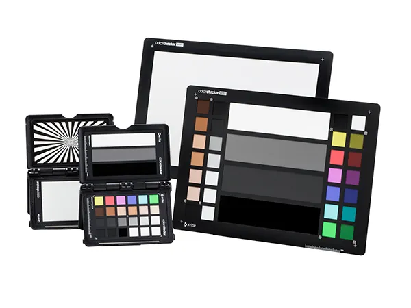 Più completa l’offerta del ColorChecher video, che include due serie di scacchiere in scala di grigi: 7 quadrati più piccoli per grigi bilanciati con passaggi aggiuntivi in prossimità delle regioni delle alte luci e ombre, e 4 grandi rettangoli per il livello di grigio, tra cui un nero lucido, facilmente riconoscibili dalla fotocamera. Disponibile infine una gamma di tonalità per la pelle, e una scala di regolazione per la saturazione e per il bilanciamento del bianco.
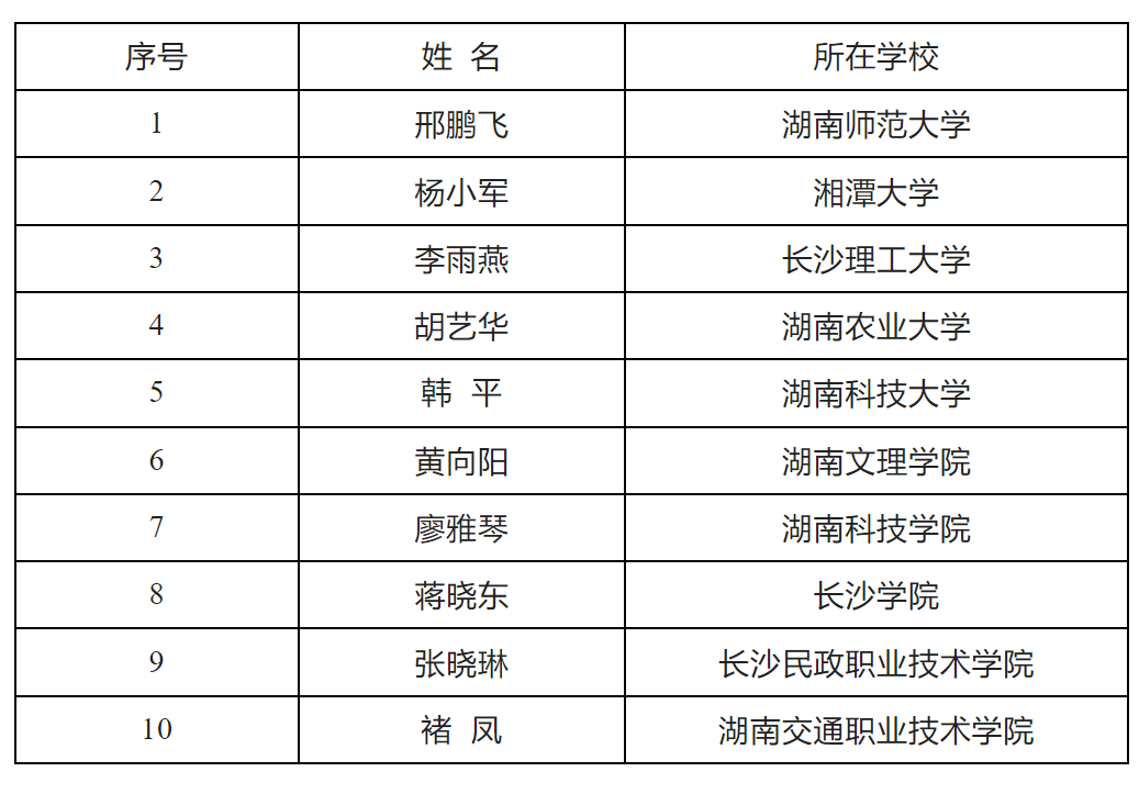 湖南省高校第二届“最美思政课教师”名单
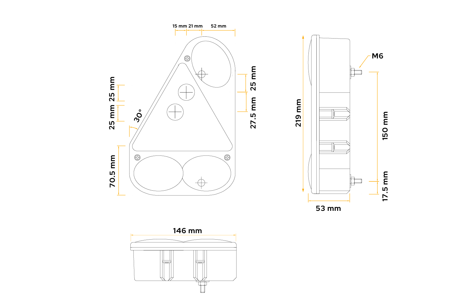 Die Earpoint III Rückleuchte von ASPÖCK ist für den Einbau auf der rechten Fahrzeugseite vorgesehen und hat folgende Maße: Breite 146 mm, Höhe 219 mm, Tiefe 53 mm. Ausgestattet mit einem 5-poligen Bajonettanschluss ermöglicht es eine einfache und schnelle Installation in Anhängern, Bussen und Abschleppwagen.
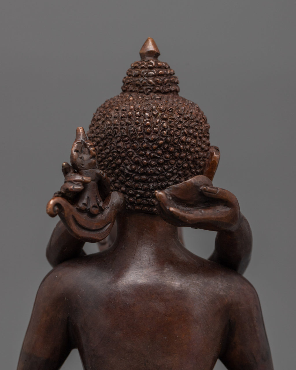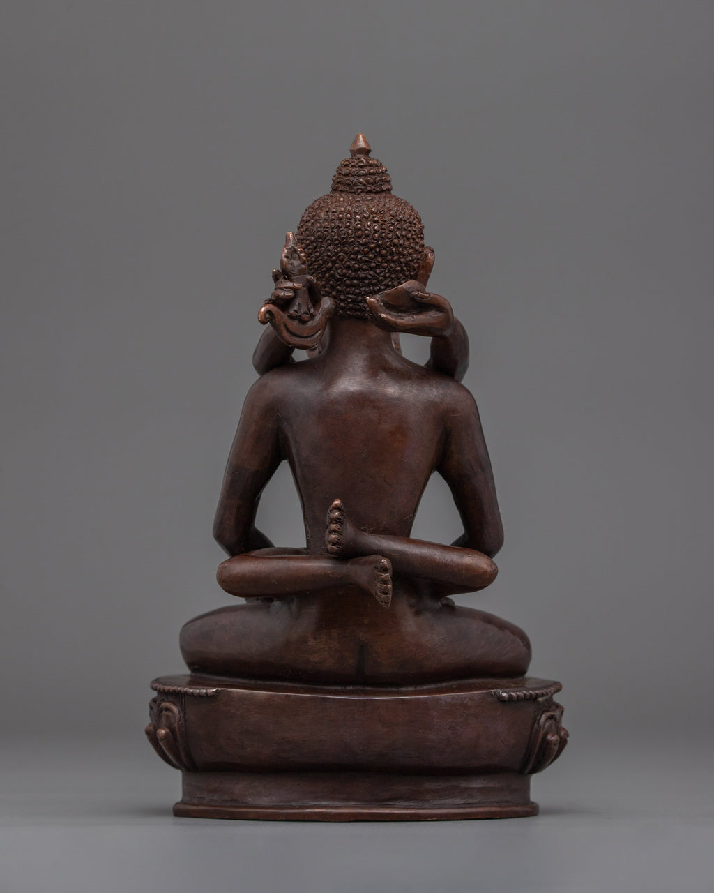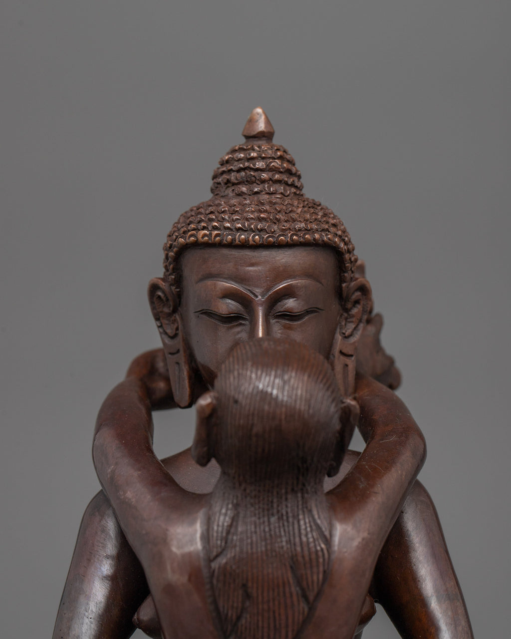 The Samantabhadra Yab Yum Sacred Art Figurine represents unity and harmony in Buddhist symbolism. Crafted with an oxidized copper body, this statue portrays the essence of Samantabhadra, the embodiment of wisdom and enlightenment, in a dynamic embrace with his consort, reflecting the perfect balance of wisdom and compassion. This item weighs 1.65 kg and is 8.3"/21cm in height and 5.1"/13cm at the base, making it ideal for any sacred space.
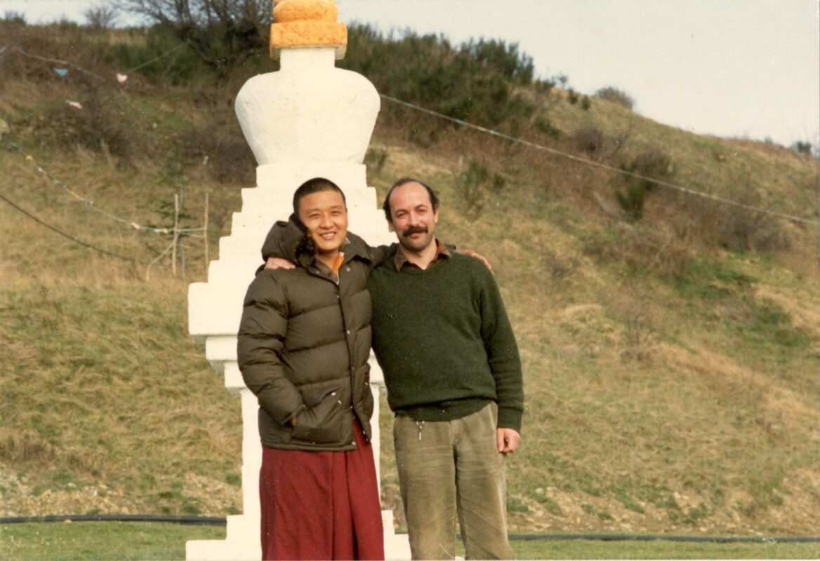 К счастью, мне не составляло труда следовать этим двум великим учителям, а точнее двум буддам: Чогьялу и Лопону. Я ходил на их учения, общался с ними прилюдно и в личных беседах, хотя некоторые из их «учеников» хотели, чтобы я выбрал только одного учителя, как будто я должен был пройти проверку на преданность! Однако сами учителя, наоборот, всегда интересовались здоровьем и общим состоянием друг друга, иногда проявляя озабоченность, но всегда с любовью. Помню, когда строительство гомпы в Меригаре подходило к концу, Чогьял Ринпоче подвёл меня и Джорджо Даллорто к центру гомпы. Мы посмотрели наверх, и он сказал мне, что видит образ Гуру Падмасамбхавы. Он не уточнил, была ли это реальная статуя или видение. А Лопон Ринпоче каждый раз по приезде приветствовал меня, обращаясь ко мне с фразой «почитатель Гуру Ринпоче». (Однажды, в тот период, когда я подолгу начитывал мантру Будды Амитабхи в японской традиции нэмбуцу, Лопон улыбнулся мне и начал читать китайское шестислоговое призывание Амитабхи Намо Амитофо).

══════

> _Work item_
With the pictures left out, output all the entries exactly.

> _Answer space_
 Più completa l’offerta del ColorChecher video, che include due serie di scacchiere in scala di grigi: 7 quadrati più piccoli per grigi bilanciati con passaggi aggiuntivi in prossimità delle regioni delle alte luci e ombre, e 4 grandi rettangoli per il livello di grigio, tra cui un nero lucido, facilmente riconoscibili dalla fotocamera. Disponibile infine una gamma di tonalità per la pelle, e una scala di regolazione per la saturazione e per il bilanciamento del bianco.
 湖南省高校第二届“最美思政课教师”名单
 Die Earpoint III Rückleuchte von ASPÖCK ist für den Einbau auf der rechten Fahrzeugseite vorgesehen und hat folgende Maße: Breite 146 mm, Höhe 219 mm, Tiefe 53 mm. Ausgestattet mit einem 5-poligen Bajonettanschluss ermöglicht es eine einfache und schnelle Installation in Anhängern, Bussen und Abschleppwagen.
 The Samantabhadra Yab Yum Sacred Art Figurine represents unity and harmony in Buddhist symbolism. Crafted with an oxidized copper body, this statue portrays the essence of Samantabhadra, the embodiment of wisdom and enlightenment, in a dynamic embrace with his consort, reflecting the perfect balance of wisdom and compassion. This item weighs 1.65 kg and is 8.3"/21cm in height and 5.1"/13cm at the base, making it ideal for any sacred space.
 К счастью, мне не составляло труда следовать этим двум великим учителям, а точнее двум буддам: Чогьялу и Лопону. Я ходил на их учения, общался с ними прилюдно и в личных беседах, хотя некоторые из их «учеников» хотели, чтобы я выбрал только одного учителя, как будто я должен был пройти проверку на преданность! Однако сами учителя, наоборот, всегда интересовались здоровьем и общим состоянием друг друга, иногда проявляя озабоченность, но всегда с любовью. Помню, когда строительство гомпы в Меригаре подходило к концу, Чогьял Ринпоче подвёл меня и Джорджо Даллорто к центру гомпы. Мы посмотрели наверх, и он сказал мне, что видит образ Гуру Падмасамбхавы. Он не уточнил, была ли это реальная статуя или видение. А Лопон Ринпоче каждый раз по приезде приветствовал меня, обращаясь ко мне с фразой «почитатель Гуру Ринпоче». (Однажды, в тот период, когда я подолгу начитывал мантру Будды Амитабхи в японской традиции нэмбуцу, Лопон улыбнулся мне и начал читать китайское шестислоговое призывание Амитабхи Намо Амитофо).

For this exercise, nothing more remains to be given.